*Recorded information*:
━━━━━━━━━━

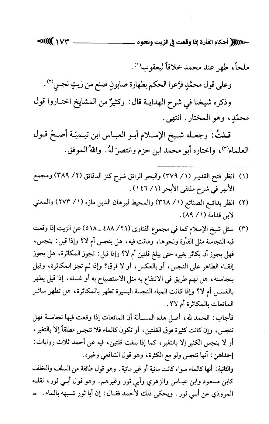 (¬3) سئل شيخ الإسلام كما في مجموع الفتاوى (21/ 488 - 518) عن الزيت إذا وقعت فيه النجاسة مثل الفأرة ونحوها، وماتت فيه، هل ينجس أم لا؟ وإذا قيل: ينجس، فهل يجوز أن يكاثر بغيره حتَّى يبلغ قلتين أم لا؟ وإذا قيل: تجوز المكاثرة، هل يجوز إلقاء الطاهر على النجس، أو بالعكس، أو لا فرق؟ وإذا لم تجز المكاثرة، وقيل بنجاسته، هل لهم طريق في الانتفاع به مثل الاستصباح به أو غسله، إذا قيل يطهر بالغسل أم لا؟ وإذا كانت المياه النجسة اليسيرة تطهر بالمكاثرة، هل تطهر سائر المائعات بالمكاثرة أم لا؟.
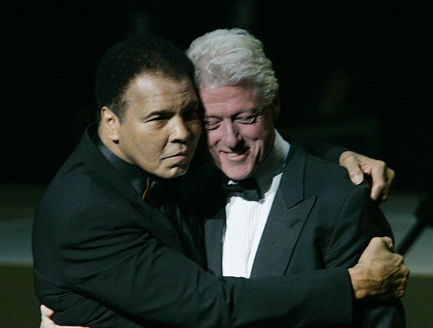 Muhammad Ali hugs former President Bill Clinton in 2005. (AP Photo)
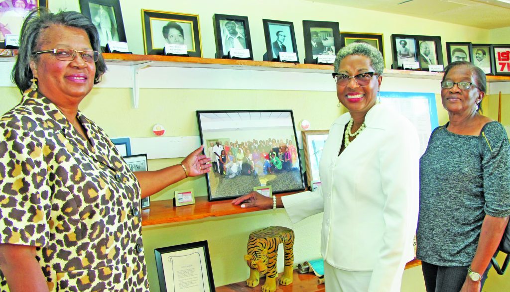 Fannie Ford, Easter Samuels and Dorothy Smith, members of the class of ’71, admire the walls of Fairfield High memorabilia, including their class picture. | Photos/Barbara Ball

━━━━━━━━━━

*The problem*: Go through the listing above and quote it exactly, apart from its images.

*Output for this exercise*:
 (¬3) سئل شيخ الإسلام كما في مجموع الفتاوى (21/ 488 - 518) عن الزيت إذا وقعت فيه النجاسة مثل الفأرة ونحوها، وماتت فيه، هل ينجس أم لا؟ وإذا قيل: ينجس، فهل يجوز أن يكاثر بغيره حتَّى يبلغ قلتين أم لا؟ وإذا قيل: تجوز المكاثرة، هل يجوز إلقاء الطاهر على النجس، أو بالعكس، أو لا فرق؟ وإذا لم تجز المكاثرة، وقيل بنجاسته، هل لهم طريق في الانتفاع به مثل الاستصباح به أو غسله، إذا قيل يطهر بالغسل أم لا؟ وإذا كانت المياه النجسة اليسيرة تطهر بالمكاثرة، هل تطهر سائر المائعات بالمكاثرة أم لا؟.
 Muhammad Ali hugs former President Bill Clinton in 2005. (AP Photo)
 Fannie Ford, Easter Samuels and Dorothy Smith, members of the class of ’71, admire the walls of Fairfield High memorabilia, including their class picture. | Photos/Barbara Ball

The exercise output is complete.